*** Data for review ***

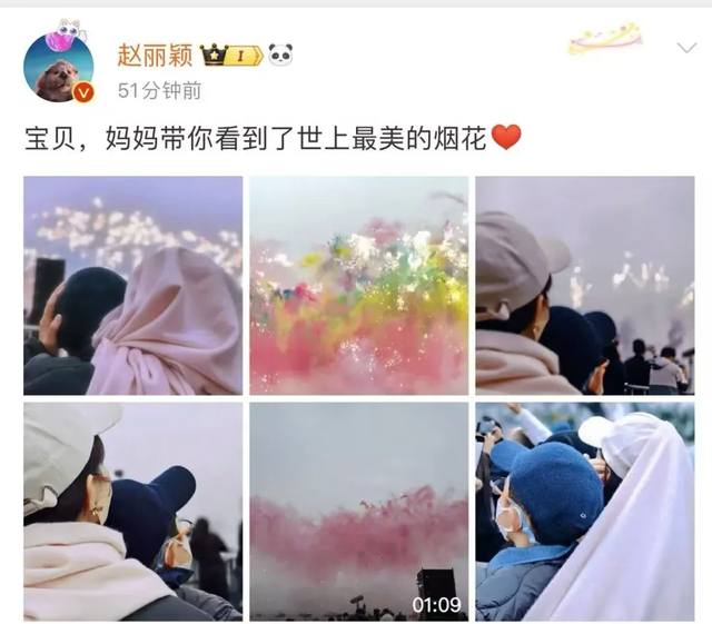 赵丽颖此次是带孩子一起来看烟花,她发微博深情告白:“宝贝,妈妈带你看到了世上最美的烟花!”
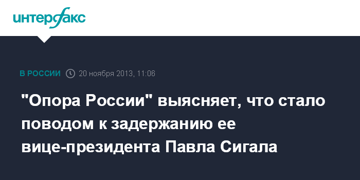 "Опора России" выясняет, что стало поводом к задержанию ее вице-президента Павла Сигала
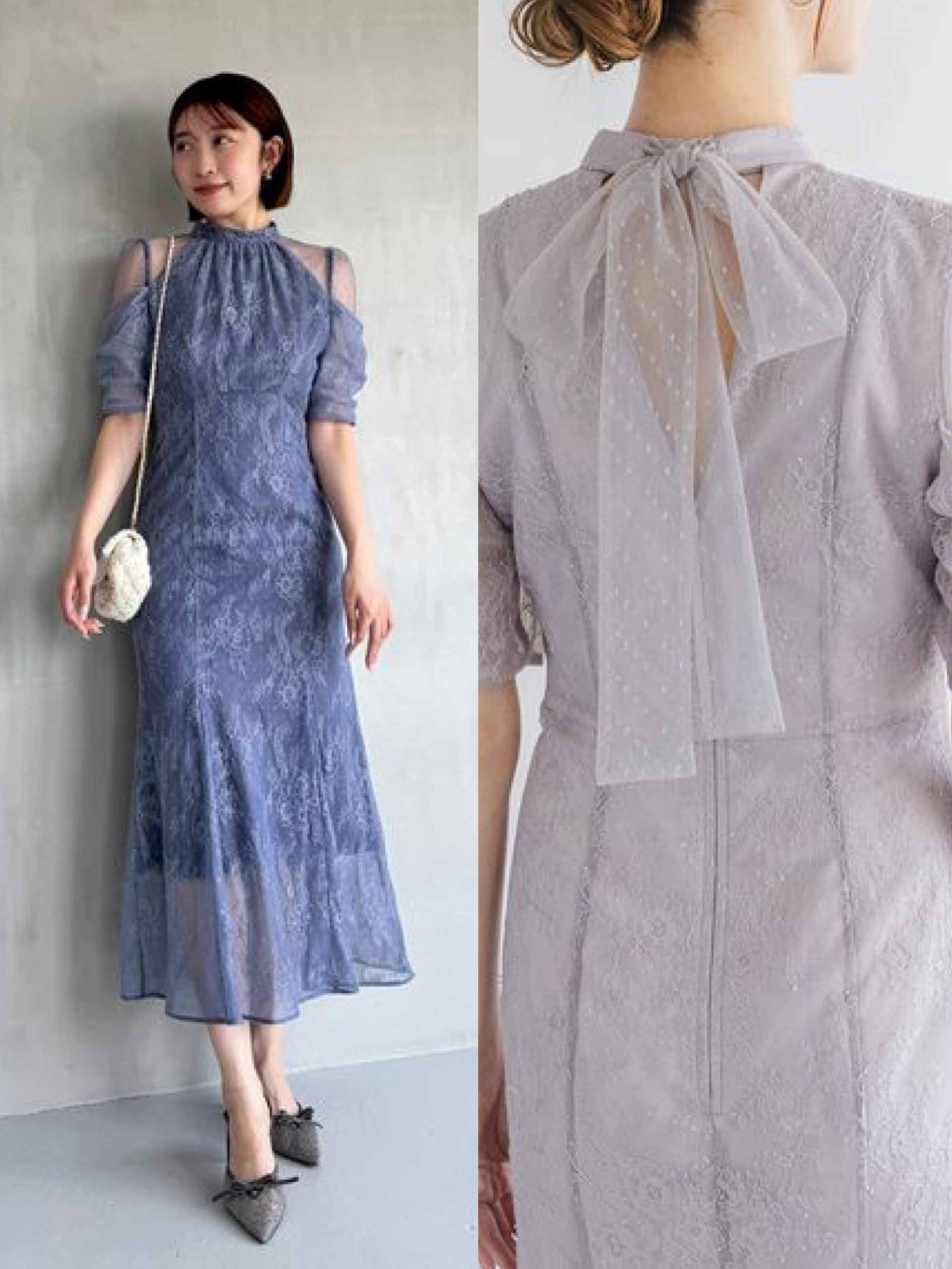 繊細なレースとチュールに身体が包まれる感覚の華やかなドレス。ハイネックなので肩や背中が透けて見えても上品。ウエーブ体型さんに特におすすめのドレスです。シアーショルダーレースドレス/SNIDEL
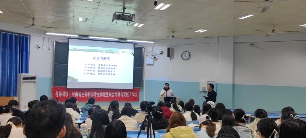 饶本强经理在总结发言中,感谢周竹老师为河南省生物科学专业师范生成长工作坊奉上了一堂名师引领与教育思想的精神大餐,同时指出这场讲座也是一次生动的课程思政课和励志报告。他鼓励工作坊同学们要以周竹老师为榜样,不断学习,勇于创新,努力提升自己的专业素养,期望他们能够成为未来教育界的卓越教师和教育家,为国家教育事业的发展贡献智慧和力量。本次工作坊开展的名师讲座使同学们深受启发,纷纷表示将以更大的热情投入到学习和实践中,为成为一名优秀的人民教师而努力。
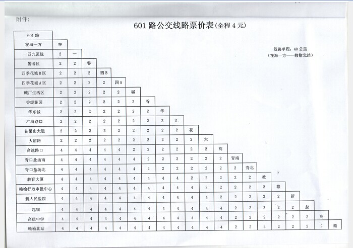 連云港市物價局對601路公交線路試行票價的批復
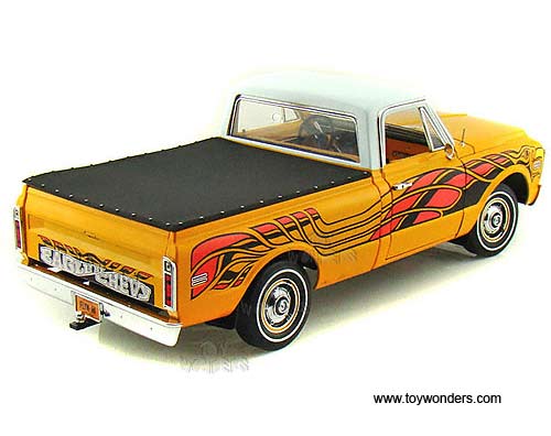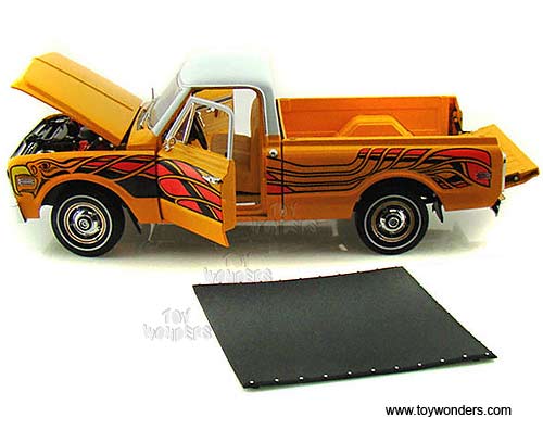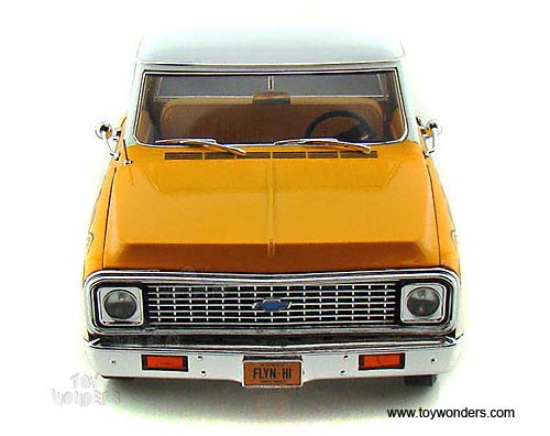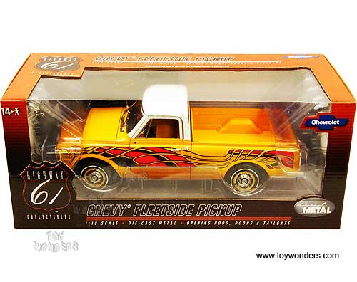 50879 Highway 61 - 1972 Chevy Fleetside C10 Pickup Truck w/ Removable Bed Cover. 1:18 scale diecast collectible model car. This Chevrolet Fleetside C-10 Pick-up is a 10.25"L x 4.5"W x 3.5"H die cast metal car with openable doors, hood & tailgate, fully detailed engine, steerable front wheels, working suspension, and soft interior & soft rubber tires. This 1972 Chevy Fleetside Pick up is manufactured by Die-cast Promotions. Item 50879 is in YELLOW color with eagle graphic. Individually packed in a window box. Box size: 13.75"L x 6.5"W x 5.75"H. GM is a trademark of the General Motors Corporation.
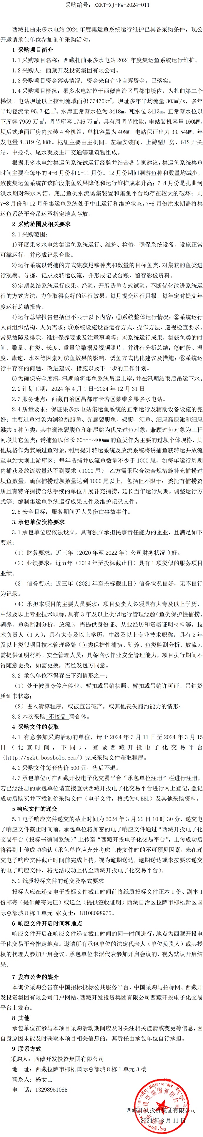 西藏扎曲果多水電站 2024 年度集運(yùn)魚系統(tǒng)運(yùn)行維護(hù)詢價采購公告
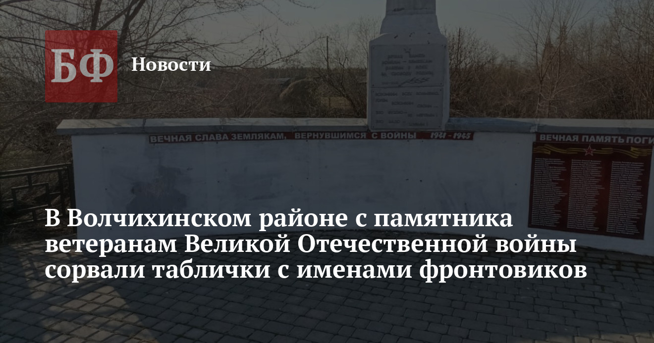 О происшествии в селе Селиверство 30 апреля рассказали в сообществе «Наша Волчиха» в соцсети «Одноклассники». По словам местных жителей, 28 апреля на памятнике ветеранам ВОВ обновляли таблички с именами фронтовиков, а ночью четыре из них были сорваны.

*** End of Data for review ***
*** Data for review ***

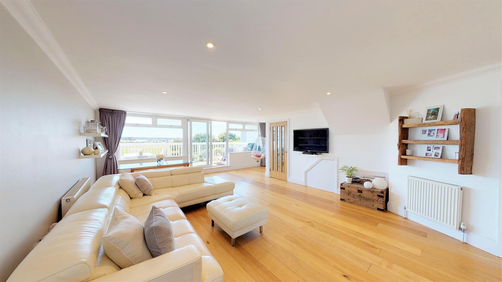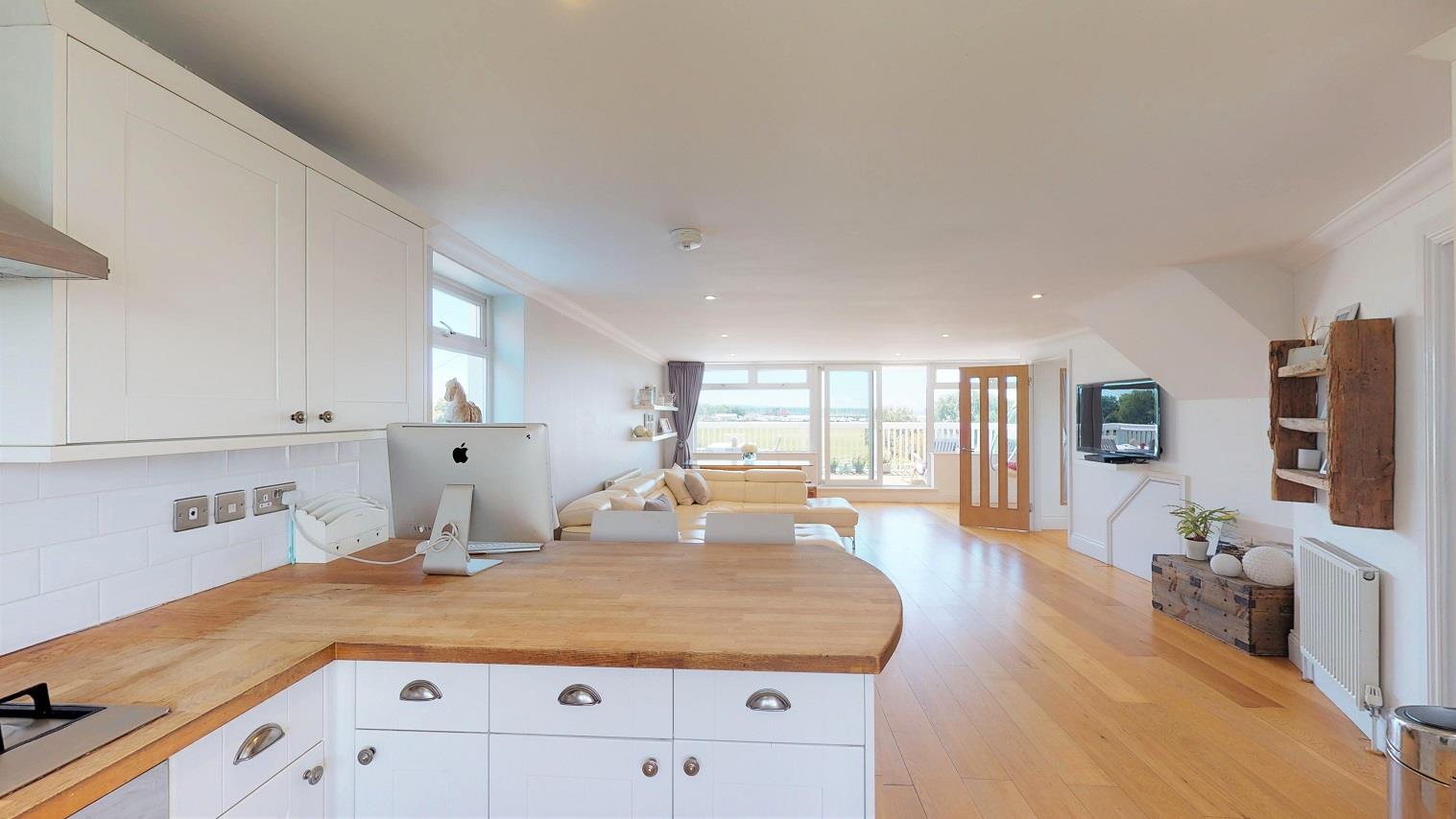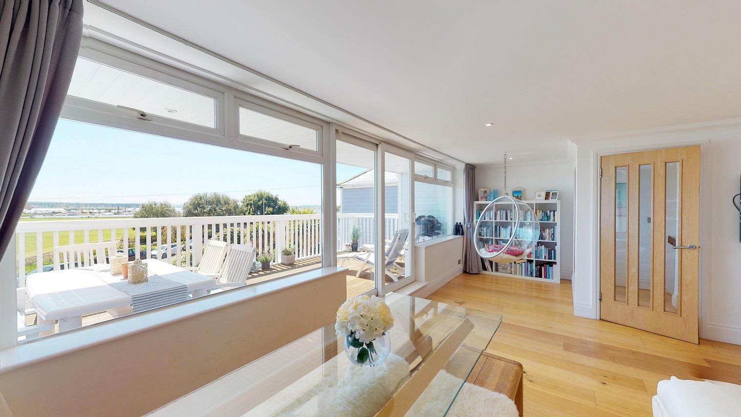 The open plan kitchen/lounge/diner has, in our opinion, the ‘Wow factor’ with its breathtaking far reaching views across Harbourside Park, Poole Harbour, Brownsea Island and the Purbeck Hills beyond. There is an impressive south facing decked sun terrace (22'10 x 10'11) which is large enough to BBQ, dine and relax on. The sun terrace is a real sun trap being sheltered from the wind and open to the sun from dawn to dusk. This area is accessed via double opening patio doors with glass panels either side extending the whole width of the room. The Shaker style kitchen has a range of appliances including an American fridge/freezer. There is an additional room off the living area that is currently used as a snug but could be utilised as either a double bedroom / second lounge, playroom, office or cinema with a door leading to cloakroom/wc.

*** End of Data for review ***

◆ Exercise prompt:
From the material above, reproduce only what runs from the line holding "вице-президента Павла Сигала" down to the line holding "繊細なレースとチュールに身体", both included, pictures excluded.

◆ Output below:
 "Опора России" выясняет, что стало поводом к задержанию ее вице-президента Павла Сигала
 繊細なレースとチュールに身体が包まれる感覚の華やかなドレス。ハイネックなので肩や背中が透けて見えても上品。ウエーブ体型さんに特におすすめのドレスです。シアーショルダーレースドレス/SNIDEL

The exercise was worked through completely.